*What to do:* In the entries below, find the line containing "study examined the" and the line containing "Посадочный набор GRINDA". Copy those two lines and everything between them exactly, and only that.

*Exercise data:*
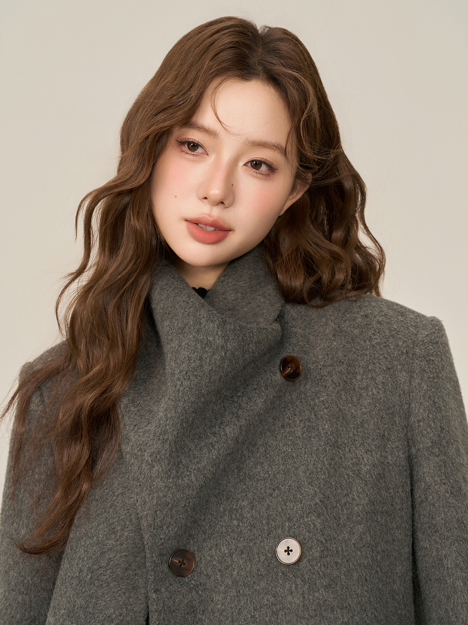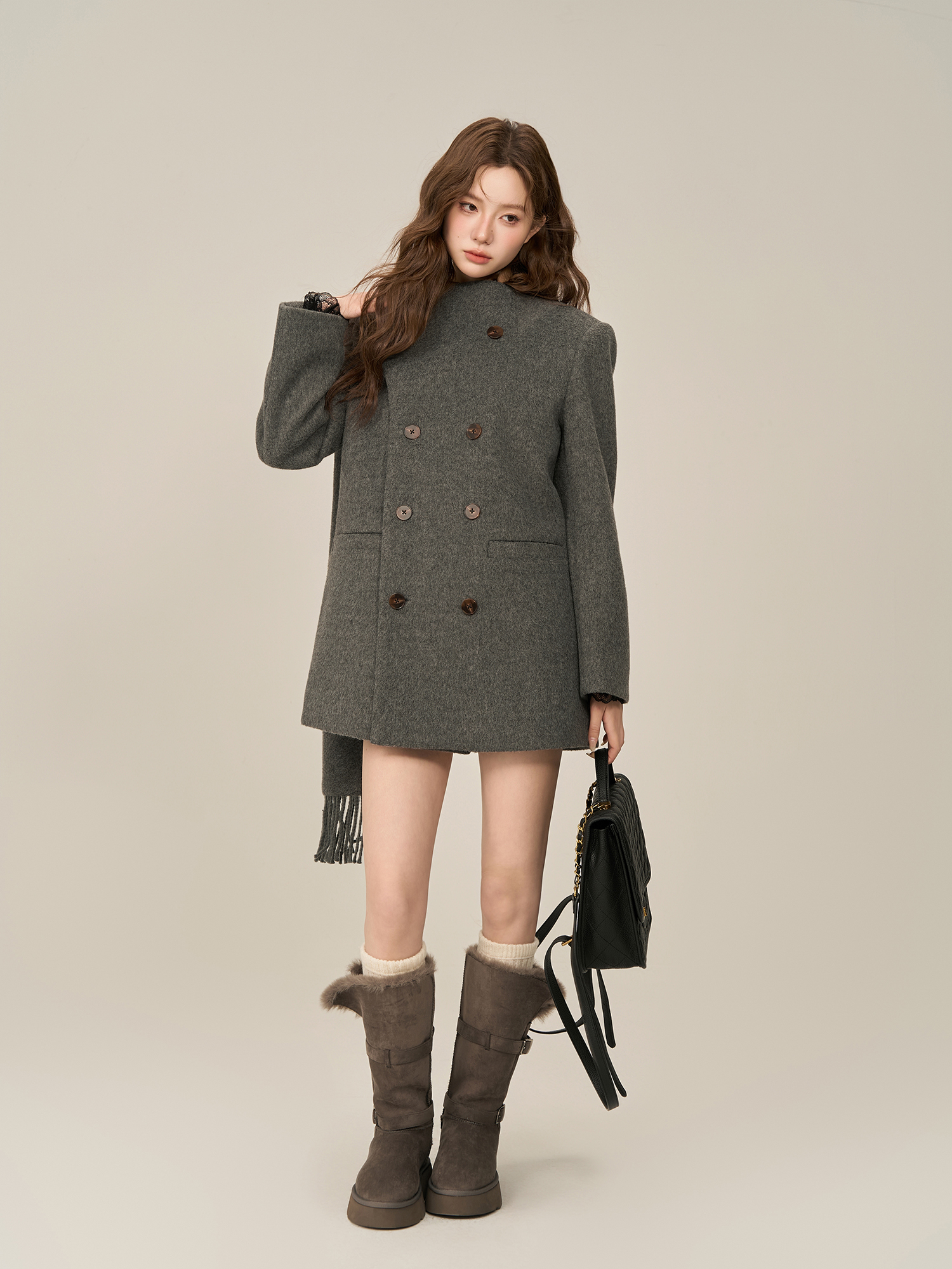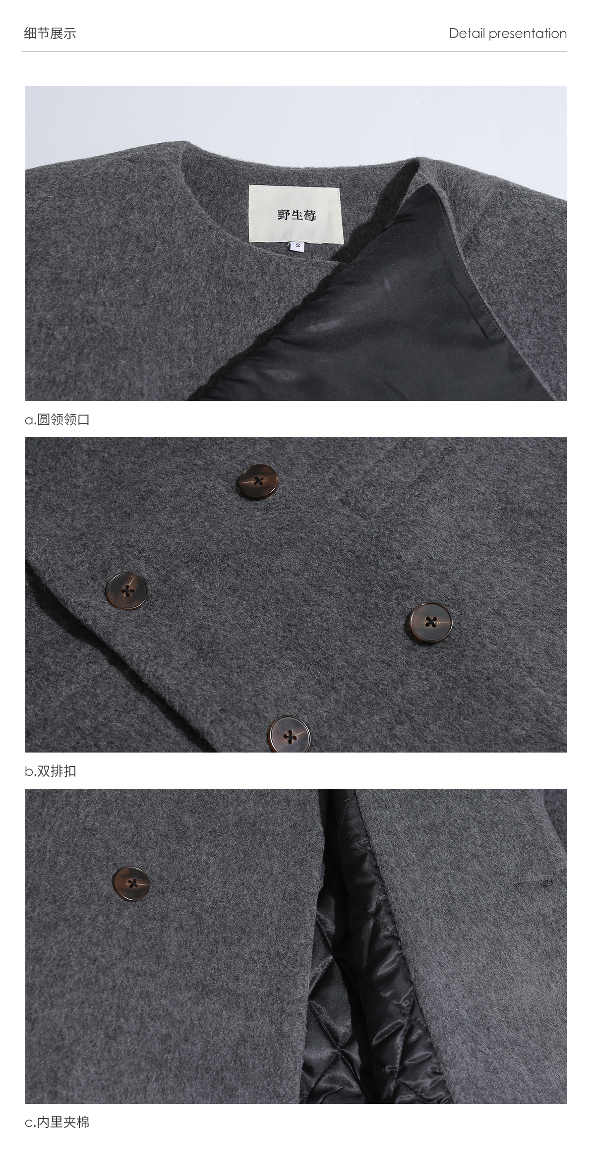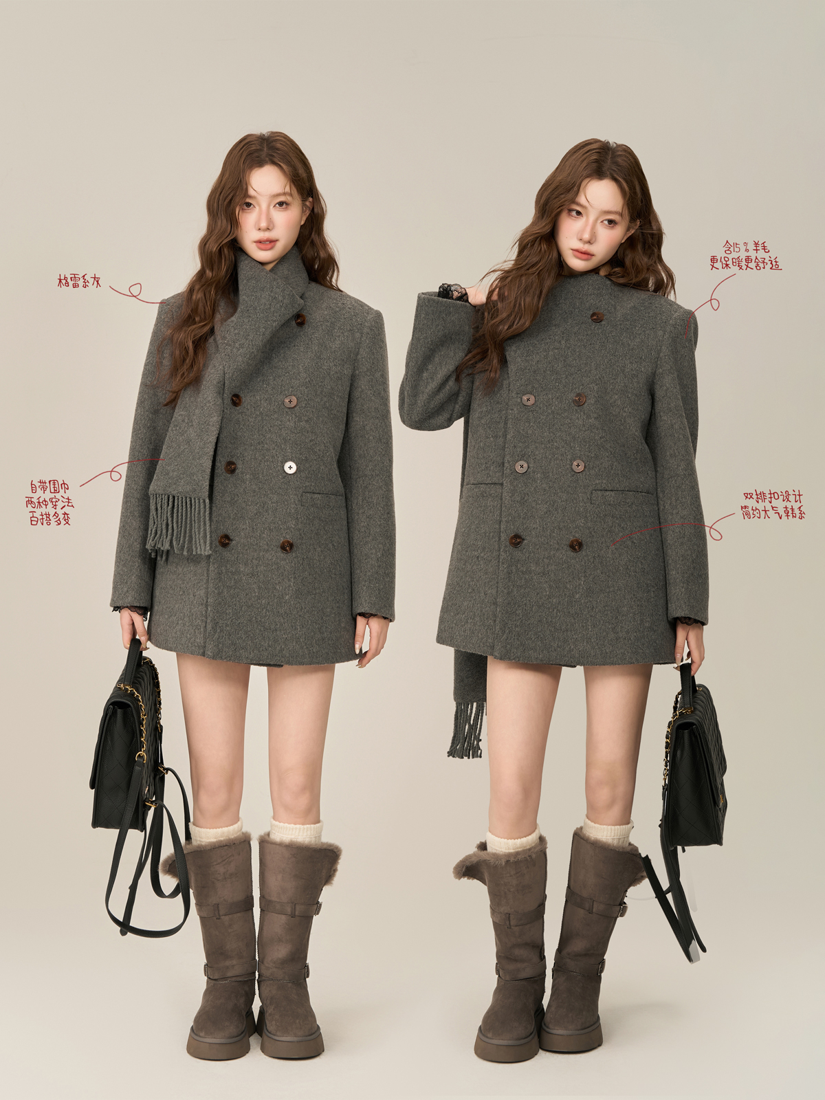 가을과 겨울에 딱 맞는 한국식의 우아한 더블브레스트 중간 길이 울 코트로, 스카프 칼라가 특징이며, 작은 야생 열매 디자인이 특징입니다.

--

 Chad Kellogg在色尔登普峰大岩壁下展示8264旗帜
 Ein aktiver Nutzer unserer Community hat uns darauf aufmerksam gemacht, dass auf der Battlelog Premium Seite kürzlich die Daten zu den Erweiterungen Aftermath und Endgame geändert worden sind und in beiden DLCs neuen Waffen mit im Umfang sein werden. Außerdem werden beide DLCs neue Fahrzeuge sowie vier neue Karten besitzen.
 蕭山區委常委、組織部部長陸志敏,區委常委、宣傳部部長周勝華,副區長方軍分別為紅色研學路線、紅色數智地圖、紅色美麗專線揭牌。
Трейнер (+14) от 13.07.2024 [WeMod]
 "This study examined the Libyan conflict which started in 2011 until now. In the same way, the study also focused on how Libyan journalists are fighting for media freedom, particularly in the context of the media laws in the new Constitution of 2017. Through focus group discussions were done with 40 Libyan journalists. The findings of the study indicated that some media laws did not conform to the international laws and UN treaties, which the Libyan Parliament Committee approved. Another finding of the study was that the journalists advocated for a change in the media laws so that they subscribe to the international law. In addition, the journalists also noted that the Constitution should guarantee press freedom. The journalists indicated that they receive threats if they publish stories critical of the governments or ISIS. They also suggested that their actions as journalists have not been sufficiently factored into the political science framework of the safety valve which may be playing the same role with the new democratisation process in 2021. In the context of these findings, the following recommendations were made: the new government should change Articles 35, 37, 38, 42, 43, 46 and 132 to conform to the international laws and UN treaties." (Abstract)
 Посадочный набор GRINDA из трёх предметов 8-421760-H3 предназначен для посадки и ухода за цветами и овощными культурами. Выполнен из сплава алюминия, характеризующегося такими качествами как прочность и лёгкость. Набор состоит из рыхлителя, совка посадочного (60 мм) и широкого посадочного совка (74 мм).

*Reply:*
 "This study examined the Libyan conflict which started in 2011 until now. In the same way, the study also focused on how Libyan journalists are fighting for media freedom, particularly in the context of the media laws in the new Constitution of 2017. Through focus group discussions were done with 40 Libyan journalists. The findings of the study indicated that some media laws did not conform to the international laws and UN treaties, which the Libyan Parliament Committee approved. Another finding of the study was that the journalists advocated for a change in the media laws so that they subscribe to the international law. In addition, the journalists also noted that the Constitution should guarantee press freedom. The journalists indicated that they receive threats if they publish stories critical of the governments or ISIS. They also suggested that their actions as journalists have not been sufficiently factored into the political science framework of the safety valve which may be playing the same role with the new democratisation process in 2021. In the context of these findings, the following recommendations were made: the new government should change Articles 35, 37, 38, 42, 43, 46 and 132 to conform to the international laws and UN treaties." (Abstract)
 Посадочный набор GRINDA из трёх предметов 8-421760-H3 предназначен для посадки и ухода за цветами и овощными культурами. Выполнен из сплава алюминия, характеризующегося такими качествами как прочность и лёгкость. Набор состоит из рыхлителя, совка посадочного (60 мм) и широкого посадочного совка (74 мм).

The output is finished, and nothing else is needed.